The road was narrow and dark but he had just enough light from the moonlit sky to read the barely visible road sign: Fox Hollow.
Nick switched off the radio; he’d lost the clear station right after he made the turn, and the static was irritating. Slowly, he drove up the bumpy road. The night seemed wrapped in mesh, opaque and colorless. He accelerated his speed just a bit, attempting to see beyond hisheadlights, but there was nothing before him but the adumbration of trees: it seemed like hundreds of them were standing tall against the sky, bending and tipping their branches into the quiet swirl of the evening wind like visions between this world and the next.

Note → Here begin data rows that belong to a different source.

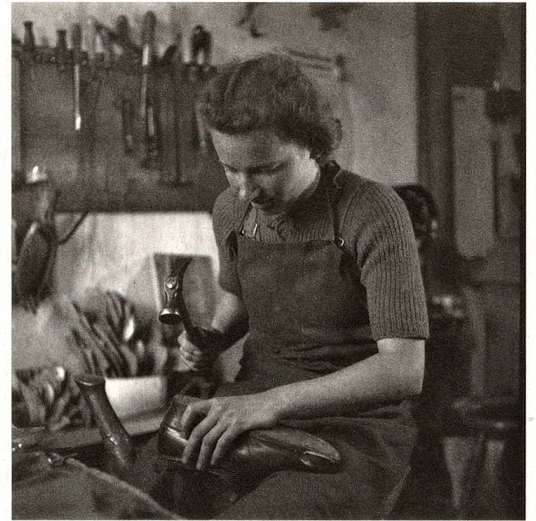
La primera zapatera de Suiza, fotografiada en 1944 en Lachen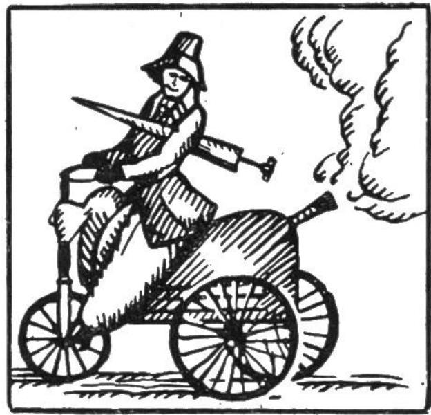
Französische Karikaturen auf die Dampfmaschinen aus dem Jahre 1820.

fangen. Das abschätzende Urteil, mit dem man den Erfinder treffen möchte, fällt leicht auf den Spötter zurück, und er kann damit zu einer unerwünschten Berühmtheit gelangen. So ging es einem deutschen Fürsten, der erklärte, es sei eine Verrücktheit, Eisenbahnen zu bauen, da die Postkutschen ja schon schlecht besetzt seien.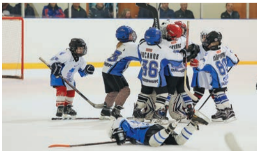
Уральский Трансгаз вновь собрал вместе лучших «дворовых» хоккеистов Екатеринбурга и Свердловской области

звезд газиков откликнулись четыре коллектива. В роли хозяев выступила детско-юношеская спортшкола (ДЮСШ) «Факел», а в гости к нам приехали: «Фотон» — один из старейших клубов Екатеринбурга, «Хризотил» из Асбеста и «Белые волки» из Ревды.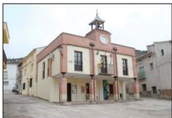
Fachada del ayuntamiento

El palacio de los condes de Romanones es, quizás lo más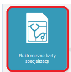
Rysunek 2 Kafelek Elektroniczne karty specjalizacji

Po zalogowaniu w odpowiedniej roli należy wybrać kafelek „ Elektroniczne karty specjalizacji ”.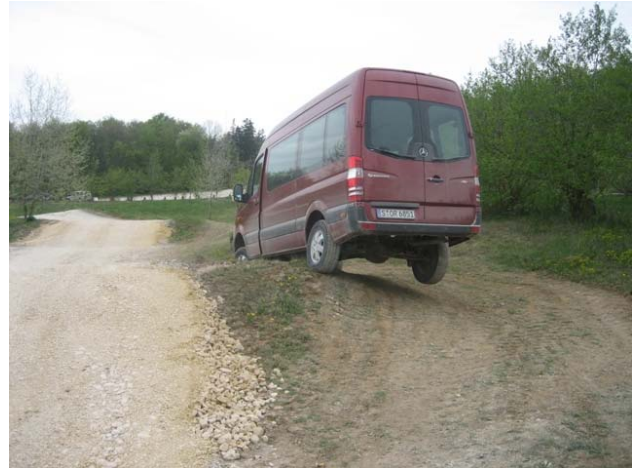
NCV3 mit eingeschränkter Bodenhaftung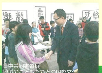
日中共同書道展 地域の子どもたちとの国際交流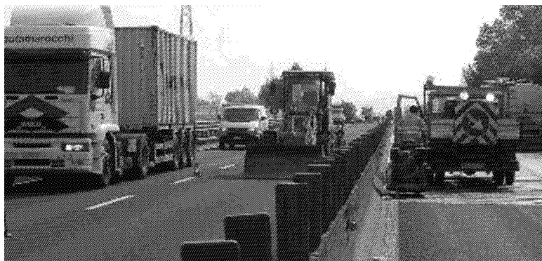
DISAGI Il miglioramento della Fi-Pi-Li è parte integrante del piano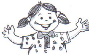
she is friendly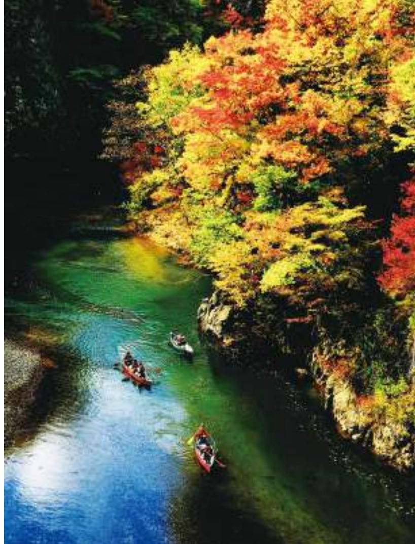
ล่องแก่งโจซังเค

The moon hovered at the end of his sightline like a big mysterious white ball, descending into the Earth, as if being swallowed. But the edges of the night were dull. Everything around him looked like a poorly developed print. Nick rubbed his eyes and watched as night’s illusionary mist played havoc with his imagination and shadow monsters came out of the darkness, as tall as giants.
Something flashed through Nick’s mind with velocious intensity. Was there magic on this road? All of a sudden, he had a childhood memory. It came out of nowhere: a boy fearing dragons in the night and dreaming of mythical sword fights in mystic forests with a moon as elusive as this one. Was he that boy? His memories of childhood didn’t exist; his early life was a void. Yet there it was: a vision of sword fighting with a friend so small and light― Sir Lancelot in dungarees with his mother’s pot for a shield.
Nick felt a sudden chill. Leaning in to switch off the air conditioning, a flash of light appeared on his hand, swiftly expanding, trapping his body in its glow, a blaze of cold and paralyzing illumination. His body froze. He held his breath. In moments, the light was everywhere, consuming the darkness as if from a hundred headlights.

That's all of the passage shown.